13. Last minute pre-electoral poll of reputable survey agency shows smaller number “undecided” voters but little change from previous poll results. Responses to questions re favorite party produced following results: PCI 14 percent, PSI 12.1 percent, PSDI 7.1 percent, PRI-PR 1.4 percent, DC 42.3 percent, PLI 5 percent, PNM 2.8 percent, PMP 2.8 percent and MSI 3.6 percent; other parties one half of 1 percent and “undecided” 8.4 percent. Researchers feel (on basis analysis other questions) at least one half “undecided” actually PCI voters and should be added to above percentages for total 18.2 percent Communist vote. Poll forecasts no major shifts from 1953 percentages with possible exception slight decrease PCI vote and slight rise in PSDI and PLI votes. Poll taken after launching Sputnik III but before French crisis and May 20 Soviet note offering Italy treaty friendship and non-aggression. Latter obviously intended influence Italian elections but not expected have important effect.

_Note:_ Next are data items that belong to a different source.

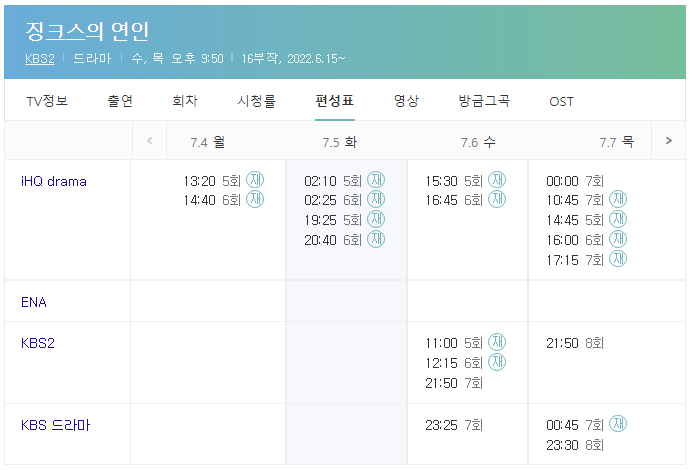 KBS2 에서 매주 수목 저녁 9시 50분 징크스의 연인 본방 놓치신 경우에는 티비편성표 참고하시어 OTT채널 서비스와 모바일 인터넷을 이용하여 무료다시보기로 즐감 바랍니다. 네이버나 카카오 티비를 통해서 영상클립 무료보기 시청도 가능합니다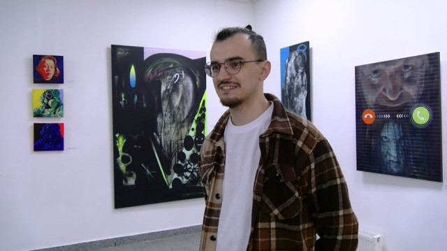 До образотворчого дійства в Галереї мистецтв також долучилися молоді художники. Диптих під назвою «Загальновійськовий захисний костюм» представив на виставці митець Олексій Синюк. Каже: його робота – це спогади з юності.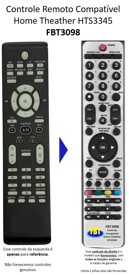 Controle Remoto Compatível Philips Home HTS3345 FBT3098

14. In summary DC will continue as leading party although it will still be unable form majority government by itself. Communist-Socialist vote will probably again represent about one-third of electorate despite some Communist losses, especially to Socialists. Right appears to be on decline with good chance Lauro will emerge largest Rightist party. Liberals expected to make comparatively large gains. Basic post-election problems will continue to be (1) DC’s ability to form stable coalition; and (2) Socialist unification. Embassy’s views on these problems will be reported when full election picture is known.

Zellerbach
  1. Source: Department of State, Central Files, 765.00/5–2258. Confidential. Transmitted in two sections. Repeated to Bonn, London, Paris, and Athens.
  2. Following the conviction of the Bishop of Prato, the Catholic Bishops of Italy issued a strongly-worded condemnation of the court’s action. The members of the court were threatened with excommunication. The Republican (PRI) and Radical (PR) Parties responded with a memorandum to the Prime Minister attacking Church interference in civil affairs.
  3. Apparent reference to the so-called “secret speech” on Stalin’s regime that Khrushchev made to the 20th Congress of the Communist Party of the Soviet Union in February 1956.
  4. Not identified.
  5. On the night of May 13–14, French troops seized control of the Government of Algeria in order to prevent the formation of a government under Pierre Pflimlin. The Pflimlin government won a vote of confidence from the French National Assembly on May 14. On May 15, General Charles de Gaulle announced his readiness to assume the government of France. At a May 19 Paris press conference, de Gaulle reiterated his willingness to assume control of the government.